Quatrièmement, à défaut d’intervention préalable de l’autorité judiciaire, cette nouvelle urgence permettra à l’administration d’abuser plus facilement de son pouvoir, tel qu’elle a déjà pu le faire. En septembre et octobre 2017, par exemple, la police nationale a invoqué l’article 6-1 de la LCEN pour exiger aux hébergeurs Indymedia Nantes et Indymedia Grenoble de retirer quatre tribunes anarchistes faisant l’apologie d’incendies de véhicules de le police et de la gendarmerie. La personnalité qualifiée de la CNIL, informée de ces demandes de censure, en a contesté la légalité devant le tribunal administratif de Cergy-Pontoise. Il a fallu attendre le 4 février 2019 pour que ce dernier reconnaisse10TA Cergy-Pontoise, 4 févr. 2019, n° 1801344, 1801346, 1801348 et 1801352 que la police avait abusé de ses pouvoirs dans l’ensemble des quatre demandes. Ainsi, l’administration a pu contourner la justice pendant un an et demi afin de censurer des opposants politiques. Réduire à une heure le délai laissé aux hébergeurs pour évaluer un contenu signalé par la police ne fera qu’accroître les risques que celle-ci abuse de son pouvoir.

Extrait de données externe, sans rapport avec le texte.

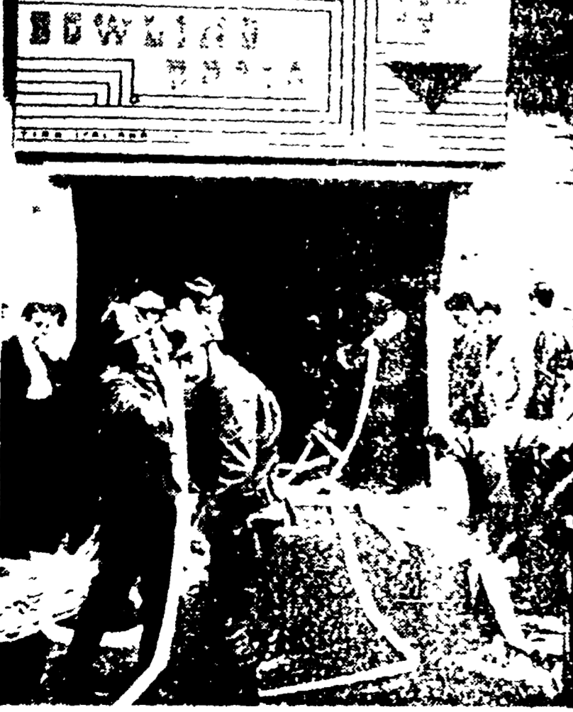
Una bombola di gas liquido è esplosa tra le mani di un operaio nei locali del Bowling. Il fumo della bomba americana è importato recentemente in Italia. Non ci sono stati feriti, per fortuna. Nel luogo fu gettata una bomba telefonata al Vigi del fuoco. Il tradizionale bagno inaugurato, con il Bowling. La ricreazione dagli estintori.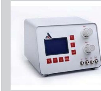
33 Steuergeräte ADACBOX Für die Verwaltung und Programmierung von Dosierprozessen für Zeit-Druck- und Volumetrischen Ventilen. Optionen wie Fußschalter, Handauslöser sind für die Geräte verfügbar.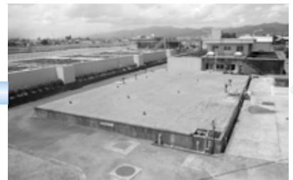
4 浄水池 きれいになった水を貯めておきます。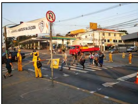
Travessia Segura – Orientadores de Travessia

O objetivo é incentivar o respeito à sinalização de trânsito e às regras do Código de Trânsito Brasileiro, orientando os pedestres a atravessar em locais seguros e sinalizados, de acordo com os estágios dos semáforos destinados a eles, e instruindo os motoristas a obedecer às faixas de travessia. A ação dos Orientadores de Travessia é preventiva, aumentando o nível de atenção de motoristas e pedestres. Os orientadores de travessia são selecionados, contratados e capacitados. Os orientadores atuam uniformizados e portam estandartes com mensagens educativas de trânsito como “Pedestre, aguarde na calçada”, ou “Cuidado com a conversão de veículos”, entre outras.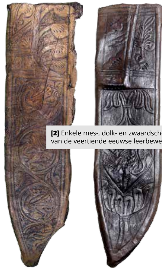
[2] Enkele mes-, dolk- en zwaardschedes van de veertiende eeuwse leerbewerker.

De middeleeuwse bewoners sierden zich graag met verschillende sieraden. Doordat er vanaf de veertiende eeuw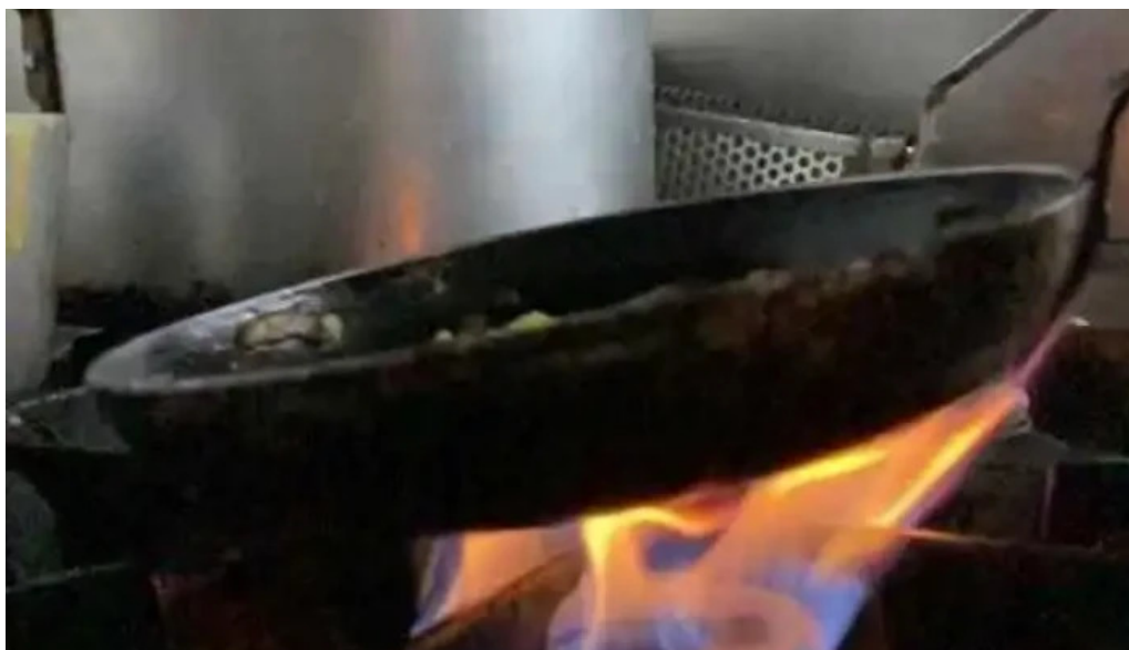
Uruguay natural parrilla gourmet del propietario

En conclusion, le nouveau délai d’une heure aggrave hors de toute proportion acceptable les risques d’erreurs techniques ou juridiques propres au dispositif de censure administrative, ainsi que les risques d’abus de la part d’une administration qui échappe à tout contre-pouvoir effectif.

Il est utile de souligner que, si le projet de règlement européen visant à lutter contre les contenus terroristes en ligne prévoit aussi un délai d’une heure pour retirer les contenus signalés, ce délai est le principal point de désaccord du débat législatif concernant ce texte, et ce débat est loin d’être achevé. Au cours du dernier examen du Parlement européen, un amendement11Voir l’amendement n° 157 : https://www.europarl.europa.eu/doceo/document/A-8-2019-0193-AM-156-157_FR.pdf de Mme Eva Joly a proposé de remplacer le « délai d’une heure » par « les plus brefs délais » : cet amendement n’a été rejeté qu’à 297 voix favorables contre 300 voix défavorables12Voir les résultats du vote, page 17, à propos de l’amendement n° 157 : http://www.europarl.europa.eu/sides/getDoc.do?pubRef=-//EP//NONSGML+PV+20190417+RES-VOT+DOC+PDF+V0//FR&language=FR, et ce alors même que le texte prévoit davantage de garanties que le droit français, en exigeant notamment que l’injonction de retrait ne puisse être émise que par « une autorité judiciaire ou une autorité administrative fonctionnellement indépendante »13Voir article 17, §1, du texte adopté par le Parlement européen : https://www.europarl.europa.eu/doceo/document/TA-8-2019-0421_FR.html.

II. Sur le nouveau régime de censure en 24 heures

Le II de l’article 1er de la loi qui vous est déférée ajoute un article 6-2 à la LCEN, qui crée un nouveau régime de responsabilité spécifique à certains intermédiaires techniques et à certaines infractions. Ce nouveau régime est contraire à la Constitution en raison de l’atteinte disproportionnée à la liberté d’expression qu’elle entraîne, au moins de deux façons.

Sur les plateformes concernées

L’objectif de ce nouveau régime est de contenir la diffusion des discours de haine et de harcèlement sur les grandes plateformes commerciales, en premier titre desquelles Facebook, Youtube et Twitter, en leur imposant des obligations spécifiques. Toutefois, cette obligation ne pèse pas seulement sur les grandes plateformes commerciales, à l’origine du problème, mais sur tout « opérateur » visé à l’article L. 111-7 du code de la consommation et dont le nombre d’utilisateurs dépasse un seuil fixé par décret (que l’on nous annonce à 2 millions). En pratique, des sites sans activité commerciale, tel que Wikipédia, seront aussi concernés.

Pourtant, le modèle de modération de ces plateformes non-commerciales, qui repose sur une communauté bénévole et investie, a pu se montrer plus efficace pour limiter la diffusion de la haine et du harcèlement que les grandes plateformes commerciales. Ce constat n’est remis en cause ni par la rapporteure de la loi déférée ni par le gouvernement. Tout en restant perfectibles, les plateformes non-commerciales satisfont déjà largement l’objectif poursuivi par la loi déférée. Il n’est pas nécessaire de leur imposer de nouvelles obligations qui nuiront à leur développement et à la liberté de communication de leurs utilisateurs.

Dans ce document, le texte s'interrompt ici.